Bootstrap the environment
Dependencies are pinned. Known-good stacks are used. No live debugging.
Launch via NexaCompute
A single command launches the full pipeline.
Observe
Logs and metrics are monitored. No manual intervention.

This flow does not change with scale.

Opinionated by Design

NexaCompute is opinionated because entropy is the real enemy.

Every extra way to launch a job, every implicit convention, every undocumented assumption adds cognitive load.

So the system enforces:

Explicit DAGs
Mandatory manifests
Clear module boundaries
Standardized launch patterns

These choices reduce surface area for mistakes.

Logging and Manifests

Rule: No manifest, no run.

Every run produces:

A run manifest (config, code version, dataset versions)
Structured logs
Artifact references

This enables:

Run reconstruction after crashes
Reliable comparisons
Post-hoc analysis
Auditable decisions

Reproducibility here is practical, not ceremonial.

Hyperparameter Sweeps

Hyperparameters are treated as a search problem, not a hunch.

Slurm for distributed scheduling
Optuna-style structured sweeps
One manifest per trial

This replaces guessing with evidence and builds real intuition over time.

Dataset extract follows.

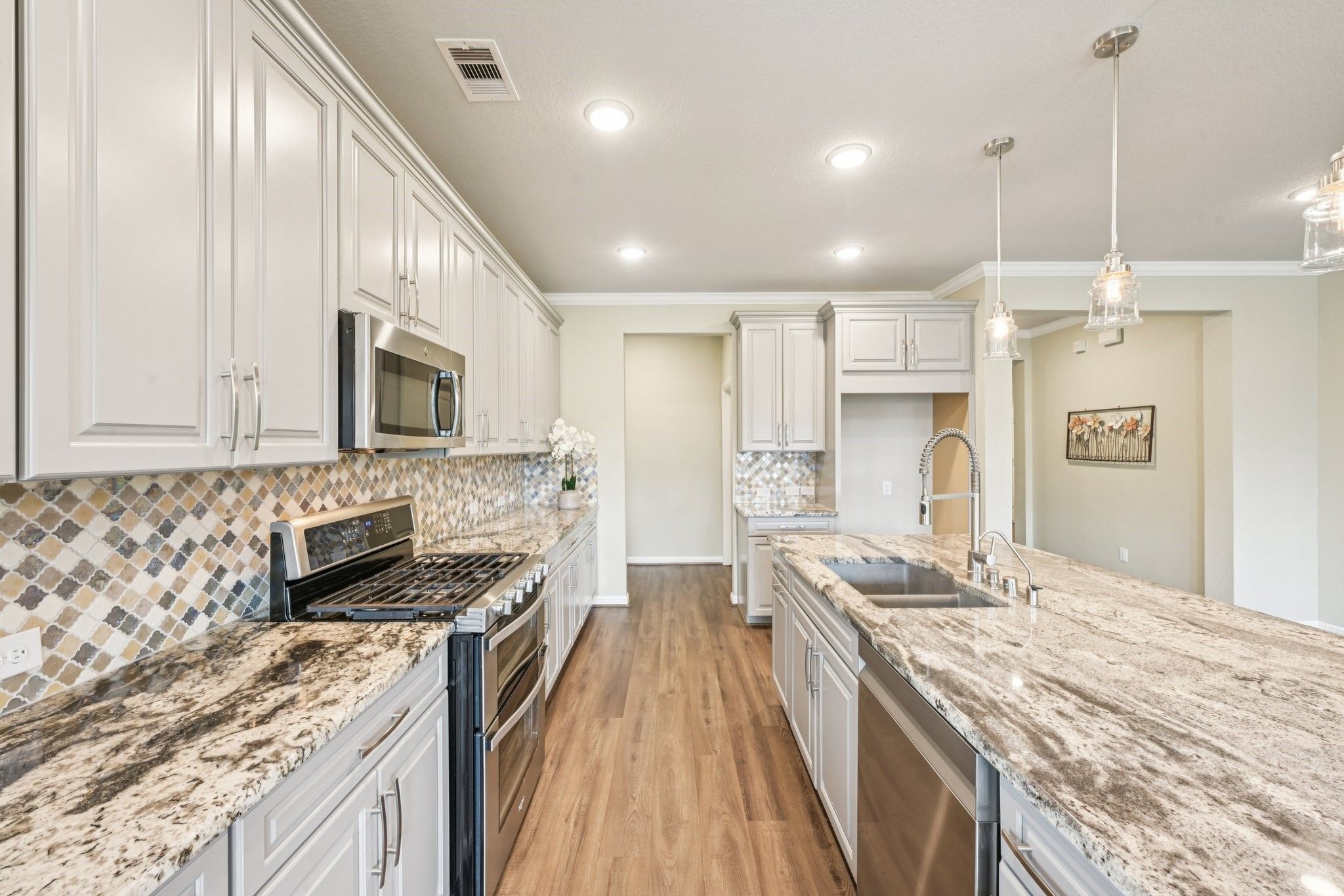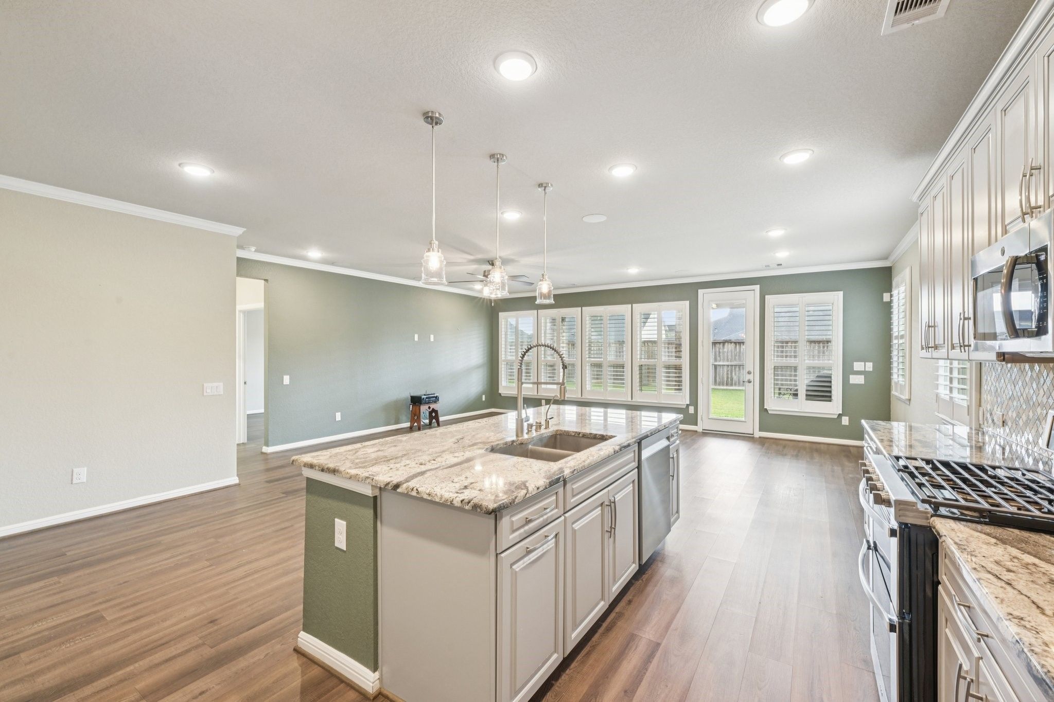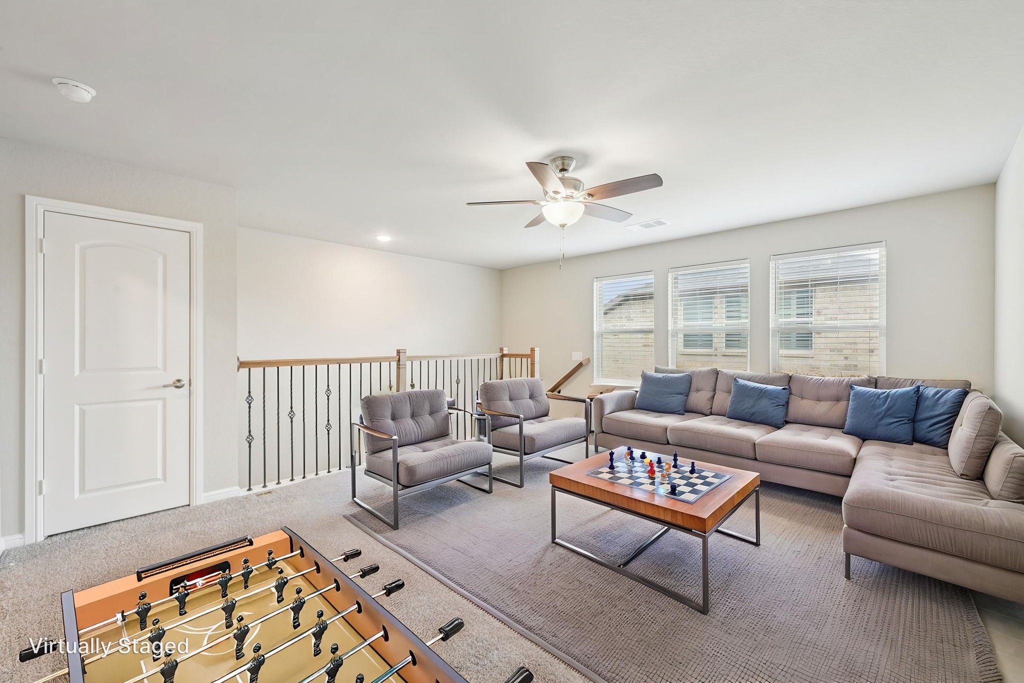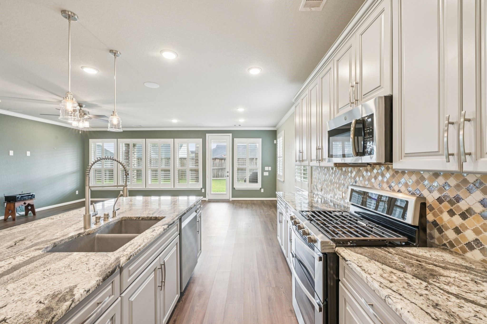 This beautiful home features a 4-sided brick & stone exterior, w/ an open floorplan of Kitchen, dinng and living room. Relax in the backyard w/ covered patio & ceiling fans. This charming home has 3 beds/3 baths, & a oversized 3-car garage & a drop zone, which is great for unloading your groceries. There are many upgrades to this DOVETAIL floor plan, such as: Plantation Shutters, Luxury Vinyl Flooring, Surround sound. The kitchen has a double gas oven & cook top, granite countertops, butlers ' pantry & walk-in Pantry. The Primary Bedrm features a bay window bath has double sinks, w/ lots of closets & storage. The 2nd bed/bath, study & laundry room are down, & over 2000 sqft. Upstairs has 771 sqft, including: a gameroom, 3rd bed/bath with lots of closets for hobbies or holiday storage. Perfect for your overnight guests and grandchildren when they visit. LISTING AGENTS: LIVES IN BONTERRA CALL WITH ANY QUESTIONS YOU MAY HAVE 361-947-5376 PLEASE LEAVE A CARD AND PROVIDE FEEDBACK!!!

Repository Structure (High-Level)

The monorepo is modular but tightly integrated.

Core Modules

NexaData – data curation, validation, sharding
NexaDistill – synthetic data generation and filtering
NexaTrain – fine-tuning, pre-training, post-training
NexaEval – evaluation as a reproducible pipeline
NexaInference – serving, caching, embeddings, monitoring

Core Infrastructure

Manifests
DAG validation
Storage abstraction
Retry, timeout, and circuit-breaker logic
Policy enforcement

Tooling

CLI utilities
Tests-as-CLI
Documentation and runbooks
Agent-compatible interfaces

Rust, Python, Go: Clear Boundaries

Each language has a role.

Python – orchestration, glue, pipeline logic
Rust – data processing, validation, batching, memory-sensitive paths
Go / UI tooling – operator experience, TUIs, dashboards

Rust is used where determinism, performance, and memory behavior matter.
Python remains the control layer.

Monorepo Tradeoffs

A monorepo works here because:

Development is mostly solo
Dependency management must be centralized
Cross-module reasoning matters
Automation is simpler

In larger organizations, a poly-repo may make sense.
Here, a monorepo reduces friction.

Documentation and Agents

Because everything is explicit—configs, manifests, DAGs—the system is teachable.

This benefits:

Humans onboarding
Automation
Agents

Ambiguous systems don’t scale well. Explicit ones do.

What This Enables

The difficult parts are no longer operational.

The bottlenecks become:

Securing compute
Choosing good problems

That’s the right place for difficulty to live.

Closing Thoughts

NexaCompute isn’t about novelty.
It’s about applying discipline to the unglamorous parts of ML.

When execution becomes mechanical, attention shifts to architecture and decisions.
That’s where ML work becomes sustainable.